**** SOURCE RECORDS ****

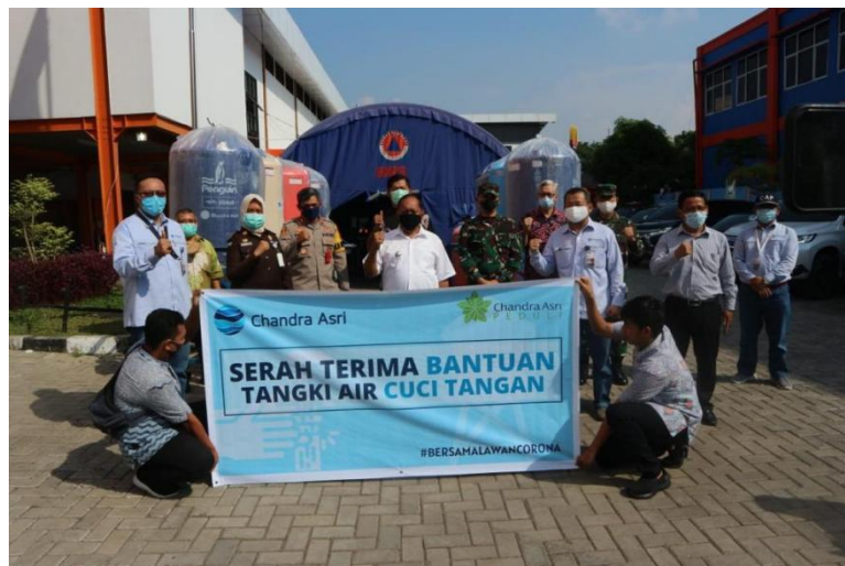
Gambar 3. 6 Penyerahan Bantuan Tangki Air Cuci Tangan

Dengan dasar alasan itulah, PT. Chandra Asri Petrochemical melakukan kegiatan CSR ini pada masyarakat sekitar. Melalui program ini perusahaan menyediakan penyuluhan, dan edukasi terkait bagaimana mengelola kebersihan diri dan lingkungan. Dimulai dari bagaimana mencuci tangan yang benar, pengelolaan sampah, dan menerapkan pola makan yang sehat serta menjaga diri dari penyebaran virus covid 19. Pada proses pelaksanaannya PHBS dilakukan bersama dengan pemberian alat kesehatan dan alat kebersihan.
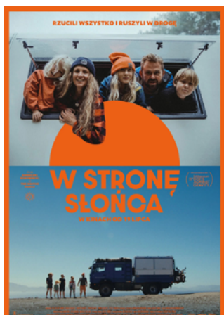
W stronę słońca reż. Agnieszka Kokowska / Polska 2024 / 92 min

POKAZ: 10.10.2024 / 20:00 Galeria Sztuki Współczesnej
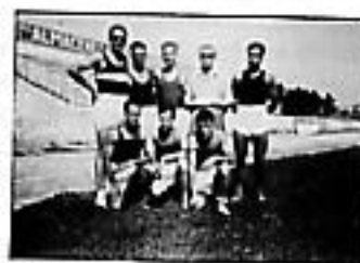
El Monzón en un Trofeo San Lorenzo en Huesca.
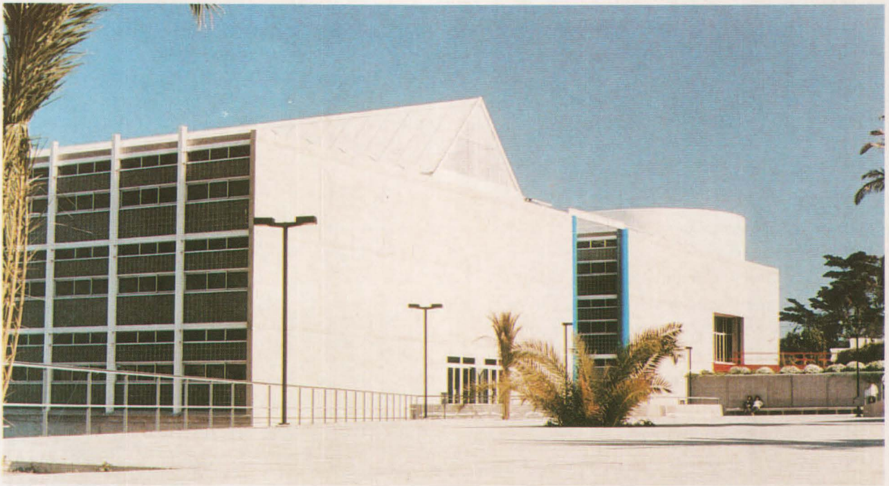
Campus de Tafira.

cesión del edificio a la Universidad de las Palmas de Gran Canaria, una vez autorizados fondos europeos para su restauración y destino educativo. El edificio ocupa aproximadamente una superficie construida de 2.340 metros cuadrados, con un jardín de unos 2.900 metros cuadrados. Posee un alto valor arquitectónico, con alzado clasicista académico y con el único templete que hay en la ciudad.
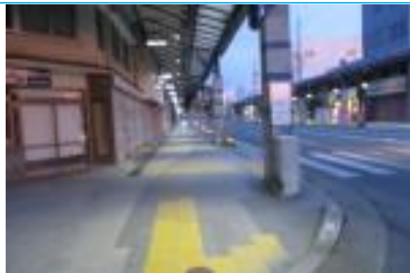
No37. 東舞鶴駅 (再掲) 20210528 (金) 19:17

****

Word for word, reproduce all the data, but not the pictures.

Gambar 3. 6 Penyerahan Bantuan Tangki Air Cuci Tangan

Dengan dasar alasan itulah, PT. Chandra Asri Petrochemical melakukan kegiatan CSR ini pada masyarakat sekitar. Melalui program ini perusahaan menyediakan penyuluhan, dan edukasi terkait bagaimana mengelola kebersihan diri dan lingkungan. Dimulai dari bagaimana mencuci tangan yang benar, pengelolaan sampah, dan menerapkan pola makan yang sehat serta menjaga diri dari penyebaran virus covid 19. Pada proses pelaksanaannya PHBS dilakukan bersama dengan pemberian alat kesehatan dan alat kebersihan.
W stronę słońca reż. Agnieszka Kokowska / Polska 2024 / 92 min

POKAZ: 10.10.2024 / 20:00 Galeria Sztuki Współczesnej
El Monzón en un Trofeo San Lorenzo en Huesca.
Campus de Tafira.

cesión del edificio a la Universidad de las Palmas de Gran Canaria, una vez autorizados fondos europeos para su restauración y destino educativo. El edificio ocupa aproximadamente una superficie construida de 2.340 metros cuadrados, con un jardín de unos 2.900 metros cuadrados. Posee un alto valor arquitectónico, con alzado clasicista académico y con el único templete que hay en la ciudad.
No37. 東舞鶴駅 (再掲) 20210528 (金) 19:17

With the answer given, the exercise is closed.